Friday morning, at 8:30 AM ET, the government releases its Non-Farm Payrolls report for September. More well-known as “the jobs report”, Non-Farm Payrolls data has the power to move mortgage rates up or down.
Unfortunately, ahead of the release, we can’t know which.
Last year, job growth more than doubled between August and September. If this year shows that same growth, California mortgage rates are expected to rocket higher.
The connection between rising jobs and rising rates is a chain reaction-type link, and is often quite tight.
Jobs are a growth engine for the U.S. economy and mortgage rates are “made” based on future expectations for the U.S. economy. In general, when the economy is improving, it draws Wall Street into “risky” investments and away from “safe” ones.

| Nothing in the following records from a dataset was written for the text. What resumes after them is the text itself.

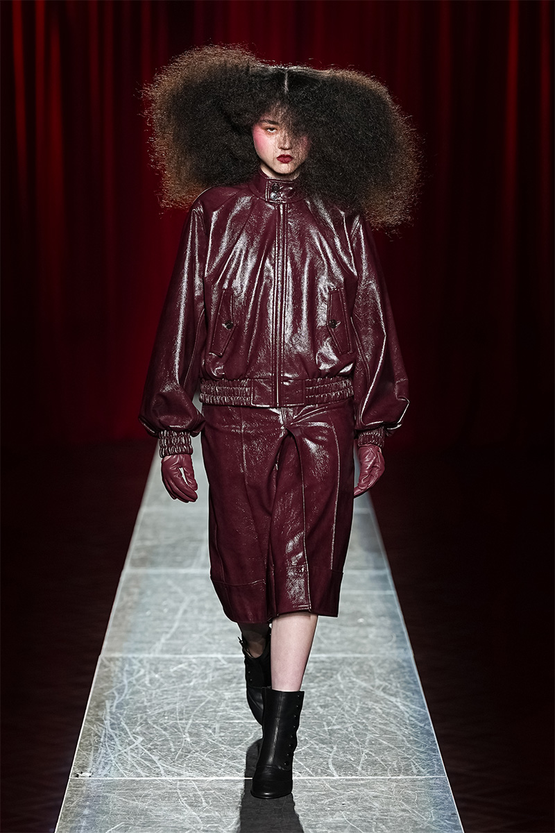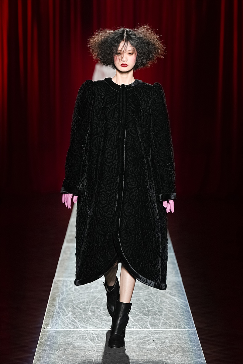 ブランドの代名詞であったチュールの使用は限定的となり、ウール、ベルベット、レース、エコファー、合成皮革といった多彩な素材がコレクションを彩った。近年のヴィヴィアーノが力を注ぐテキスタイルの探求も、今シーズンは更に深化。特に美しく際立っていたのは、イタリアの織機を用い、1980年代の高品質な生地を現代の糸で再現したウールだ。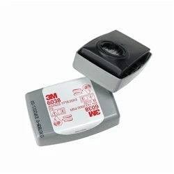 3M 6038 P3R (nuisance level organic vapour and acid gas and hydrogen flouride). Encapsulated Particulate Filters. Ideal for wet conditions Hazard is contained within filter media, protected by plastic case avoiding risk of skin contamination on removal of filter. Easy clean surface Standard: EN143 Approval: CE marked Maximum use concentrationWhen used with half masks: 20xWEL Hydrogen Flouride: 10xWELWhen used with Full face masks: 40xWEL, Hydrogen Flouride up to 30 ppm Below WEL for gases and vapoursWorkplace Exposure Limit1 BOX = 20 FILTERS (NOT PAIRS)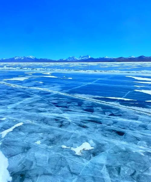 拉姆拉错是个很小的湖,但藏传佛教里地位很高,因为据说能在湖里看到前世今生,很多人去就是冲着这个传说,但你真在冬天去一趟就会明白,这个湖之所以被赋予那么多意义,不是因为它真能让你看到什么,是因为它的存在方式本身就在暗示某种东西。它在海拔5000多米的地方,周围全是雪山,湖面很小,冬天的时候边缘结冰,中间还保持着深蓝色的水面,这个画面会让你产生一种很强的心理暗示,就是在那么极端的环境里,还有个东西在保持它的流动性。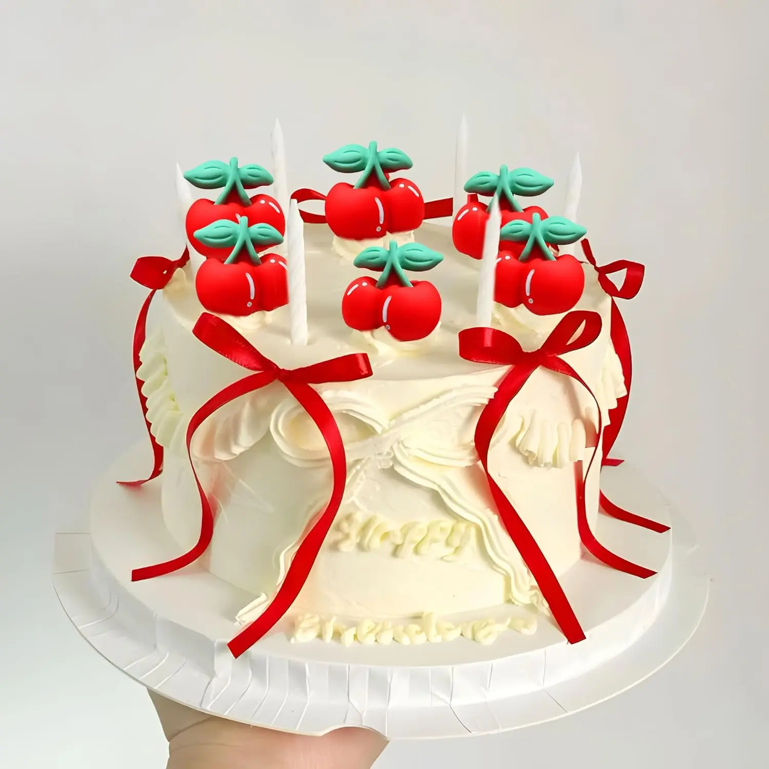 Each set contains 20 Cherry bow birthday cake toppers. They are safe, lightweight, and easy to carry. The unique petal texture design instantly enhances the cake's appearance. Perfect for DIY dessert decorating enthusiasts and professional bakers. Applicable to cakes, cupcakes, and dessert tables.

Meanwhile, mortgage-backed bonds — especially those from Fannie Mae and Freddie Mac — are considered to be among the safest investment assets available. Therefore, as the size of the U.S. workforce swells, and economic projections increase, Wall Street tends to divest itself of its mortgage bond holdings which, in turn, increases the supply of mortgage-backed bonds for sale.
With more supply, all things equal, mortgage bond prices fall and this causes mortgage rates to rise.
This is why the September jobs report is important to today’s home buyers and mortgage rate shoppers. A better-than-expected tally will result in higher mortgage rates.
In August 2012, the government reported 96,000 net new jobs created — a sharp decrease from the month prior and a figure just shy of the metric’s six-month moving average. The Unemployment Rate fell one-tenth of one percent in August to 8.1%.
For September, economists expect to see 120,000 net new jobs created, and no change in the national Unemployment Rate.